Extracted records:
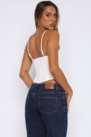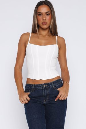 Make them jealous in the Jealousy Bustier in White! Features thin adjustable straps. scoop neckline and boning in bodice for a more structured design. Finish the look of by pairing with denim jeans and simplistic gold jewellery for a fit we are loving!
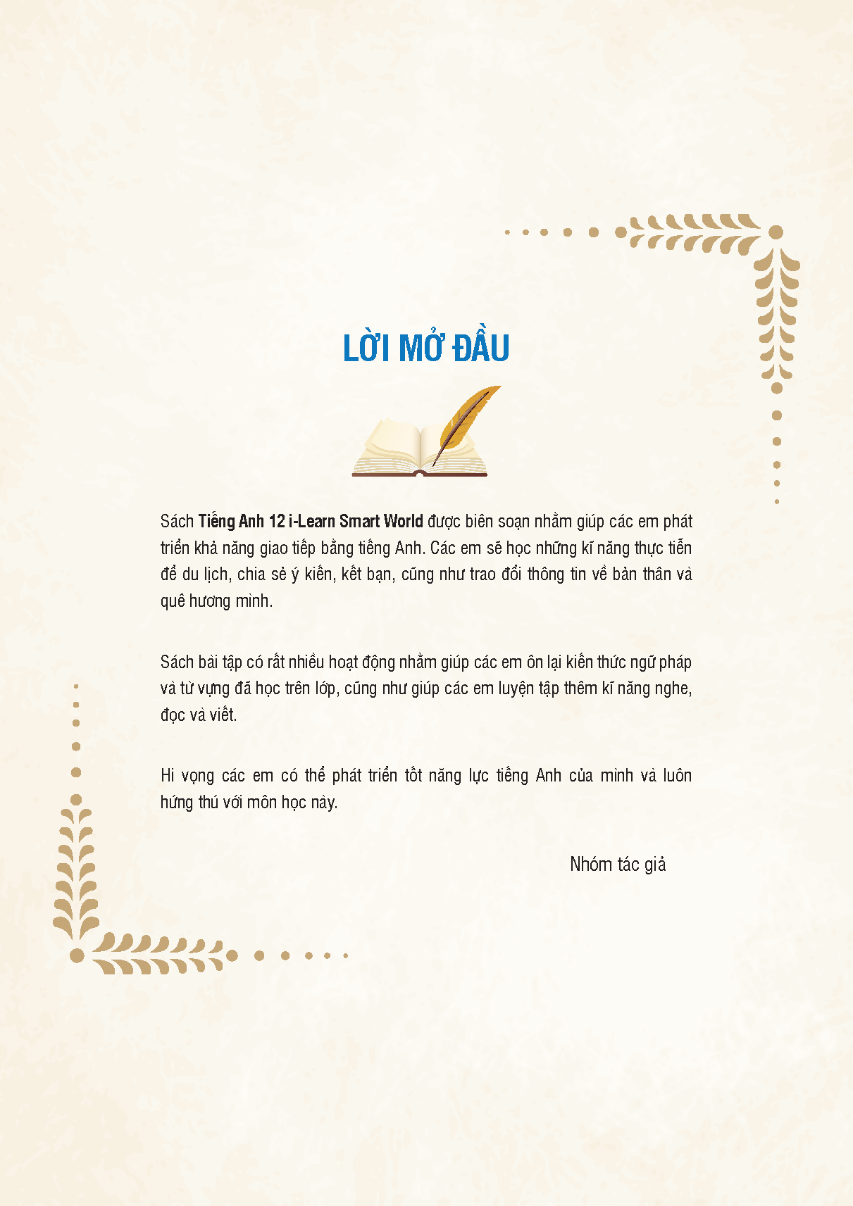 Mua tại TiktokTiếng Anh i-Learn Smart World là khóa học tiếng Anh dành cho học sinh THPT. i-Learn Smart World đã được phát triển bởi một đội ngũ giàu kinh nghiệm gồm các nhà văn, giáo viên quốc tế và Việt Nam để trở nên hoàn hảo cho lớp học Việt Nam và bao gồm đầy đủ chương trình giảng dạy quốc gia của Việt Nam và Khung Tham chiếu Ngôn ngữ Chung Châu Âu (CEFR). Tiếng Anh 12 i-Learn Smart World đã được Bộ Giáo dục và Đào tạo thẩm định và phê duyệt.
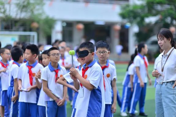 早上8:30,游園活動(dòng)拉開了序幕。孩子們排著整齊的隊(duì)伍,懷著激動(dòng)的心情來(lái)到操場(chǎng),孩子們玩“一箭穿心”、“吹乒乓球”時(shí)屏息凝神、全身貫注;玩“定點(diǎn)投籃”、“盲人擊鼓”時(shí)的驚險(xiǎn)刺激,都成了操場(chǎng)上一道亮麗的風(fēng)景線。
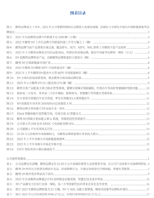 腾势定位中高端品牌,D9国内外销量表现亮眼:腾势汽车创立于2010年,由公司与戴姆勒各出资50%,2012年发布中国首个专注于新能源汽车的品牌DENZA腾势,2021年公司增持腾势股份至90%,掌握绝对控制权,引领品牌进入快速发展期,2022年通过高端MPV D9快速打响市场声誉,2023-2024年陆续上市N7、N8、Z9GT,成为全球首个实现MPV、SUV、轿车全品类覆盖的新能源汽车豪华品牌。品牌定位25-50万元中高端价格带的大众消费市场,在公司产品体系内特征鲜明,2025年5月成交均价约为38.0万,仅次于鸿蒙智行,远超BBA、沃尔沃等高端品牌,稳居豪华品牌第一梯队。明星产品D9是当前销量的主要部分,通过全面领先燃油车竞品的产品力引领我国新能源MPV市场扩容,2023、2024连续两年登顶中国全品类MPV市场销量榜首。2024年D9开启全球化,相继在新加坡、泰国、印尼、马来西亚等地上市,并进入欧洲市场,成绩斐然,2025年H1打破日系车垄断,成为泰国、印度尼西亚、马来西亚市场豪华MPV销量冠军,奠定腾势全球高端品牌形象。
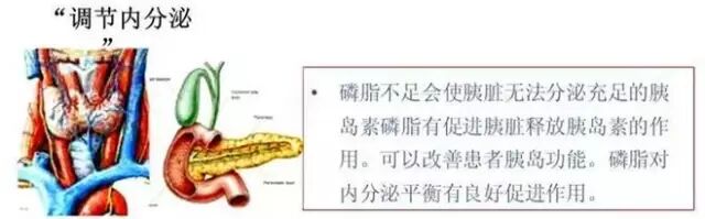 卵磷脂不足会使胰脏机能下降,无法分泌充分的胰岛素,不能有效地将血液中的葡萄糖运送到细胞中,这是导致糖尿病的基本原因之一。如每天食用20克以上的卵磷脂,则糖尿病的恢复是相当显著的。很多病人甚至可不必再注射胰岛素。特别是对糖尿病坏疽及动脉硬化等并发症患者更为有效。
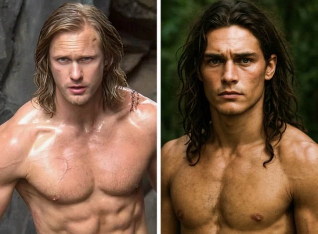 Благодаря фильму «Тарзан. Легенда», главного героя мы предоставляем таким, каким его воплотил актер Александр Скарсгард — мускулистым блондином с голубыми глазами и бледной кожей. Но этот образ отличается о того, что задумал автор. В книгах о приключениях Тарзана он описывается, как загорелый юноша с серыми глазами.
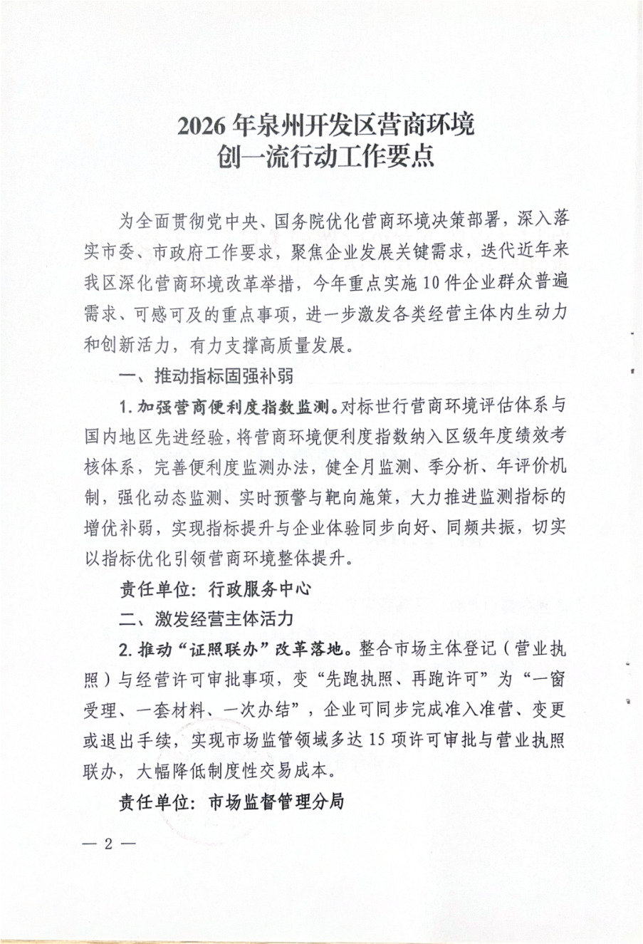 为深入贯彻落实党中央、国务院及市委、市政府优化营商环境工作部署,聚焦企业群众急难愁盼,近日,泉州开发区印发《2026年泉州开发区营商环境创一流行动工作要点》,围绕指标固强补弱、经营主体活力、便捷政务服务、科技创新服务、企业融资便利、劳动就业用工、文化卫生发展、涉企执法规范、园区治理效能、接诉即办机制十大方向,推出20项可感可及、务实管用举措,全力打造一流营商环境,以高质量服务赋能开发区高质量发展。
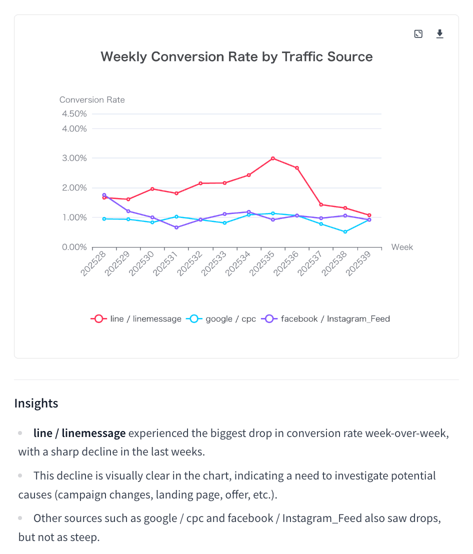 Kocoroの使い方今では、Kocoroを開いて、専属のエージェントに、"先週(日曜日から土曜日まで)の標準的な週次ビジネスレポートを作成し、前週と比較してください "と依頼するだけです。Kocoroは即座に、ユーザー数、セッション数、直帰率、コンバージョン率、トップパフォーマーチャンネルなどの主要な指標をグラフ付きでレポートします。このレポートをチームで直接共有することで、データ主導の効率的な会議が可能になります。

▶ **Work request**: All records above need to be returned exactly. Omit the pictures.

▶ **Answer space**:
 Make them jealous in the Jealousy Bustier in White! Features thin adjustable straps. scoop neckline and boning in bodice for a more structured design. Finish the look of by pairing with denim jeans and simplistic gold jewellery for a fit we are loving!
 Mua tại TiktokTiếng Anh i-Learn Smart World là khóa học tiếng Anh dành cho học sinh THPT. i-Learn Smart World đã được phát triển bởi một đội ngũ giàu kinh nghiệm gồm các nhà văn, giáo viên quốc tế và Việt Nam để trở nên hoàn hảo cho lớp học Việt Nam và bao gồm đầy đủ chương trình giảng dạy quốc gia của Việt Nam và Khung Tham chiếu Ngôn ngữ Chung Châu Âu (CEFR). Tiếng Anh 12 i-Learn Smart World đã được Bộ Giáo dục và Đào tạo thẩm định và phê duyệt.
 早上8:30,游園活動(dòng)拉開了序幕。孩子們排著整齊的隊(duì)伍,懷著激動(dòng)的心情來(lái)到操場(chǎng),孩子們玩“一箭穿心”、“吹乒乓球”時(shí)屏息凝神、全身貫注;玩“定點(diǎn)投籃”、“盲人擊鼓”時(shí)的驚險(xiǎn)刺激,都成了操場(chǎng)上一道亮麗的風(fēng)景線。
 腾势定位中高端品牌,D9国内外销量表现亮眼:腾势汽车创立于2010年,由公司与戴姆勒各出资50%,2012年发布中国首个专注于新能源汽车的品牌DENZA腾势,2021年公司增持腾势股份至90%,掌握绝对控制权,引领品牌进入快速发展期,2022年通过高端MPV D9快速打响市场声誉,2023-2024年陆续上市N7、N8、Z9GT,成为全球首个实现MPV、SUV、轿车全品类覆盖的新能源汽车豪华品牌。品牌定位25-50万元中高端价格带的大众消费市场,在公司产品体系内特征鲜明,2025年5月成交均价约为38.0万,仅次于鸿蒙智行,远超BBA、沃尔沃等高端品牌,稳居豪华品牌第一梯队。明星产品D9是当前销量的主要部分,通过全面领先燃油车竞品的产品力引领我国新能源MPV市场扩容,2023、2024连续两年登顶中国全品类MPV市场销量榜首。2024年D9开启全球化,相继在新加坡、泰国、印尼、马来西亚等地上市,并进入欧洲市场,成绩斐然,2025年H1打破日系车垄断,成为泰国、印度尼西亚、马来西亚市场豪华MPV销量冠军,奠定腾势全球高端品牌形象。
 卵磷脂不足会使胰脏机能下降,无法分泌充分的胰岛素,不能有效地将血液中的葡萄糖运送到细胞中,这是导致糖尿病的基本原因之一。如每天食用20克以上的卵磷脂,则糖尿病的恢复是相当显著的。很多病人甚至可不必再注射胰岛素。特别是对糖尿病坏疽及动脉硬化等并发症患者更为有效。
 Благодаря фильму «Тарзан. Легенда», главного героя мы предоставляем таким, каким его воплотил актер Александр Скарсгард — мускулистым блондином с голубыми глазами и бледной кожей. Но этот образ отличается о того, что задумал автор. В книгах о приключениях Тарзана он описывается, как загорелый юноша с серыми глазами.
 为深入贯彻落实党中央、国务院及市委、市政府优化营商环境工作部署,聚焦企业群众急难愁盼,近日,泉州开发区印发《2026年泉州开发区营商环境创一流行动工作要点》,围绕指标固强补弱、经营主体活力、便捷政务服务、科技创新服务、企业融资便利、劳动就业用工、文化卫生发展、涉企执法规范、园区治理效能、接诉即办机制十大方向,推出20项可感可及、务实管用举措,全力打造一流营商环境,以高质量服务赋能开发区高质量发展。
 Kocoroの使い方今では、Kocoroを開いて、専属のエージェントに、"先週(日曜日から土曜日まで)の標準的な週次ビジネスレポートを作成し、前週と比較してください "と依頼するだけです。Kocoroは即座に、ユーザー数、セッション数、直帰率、コンバージョン率、トップパフォーマーチャンネルなどの主要な指標をグラフ付きでレポートします。このレポートをチームで直接共有することで、データ主導の効率的な会議が可能になります。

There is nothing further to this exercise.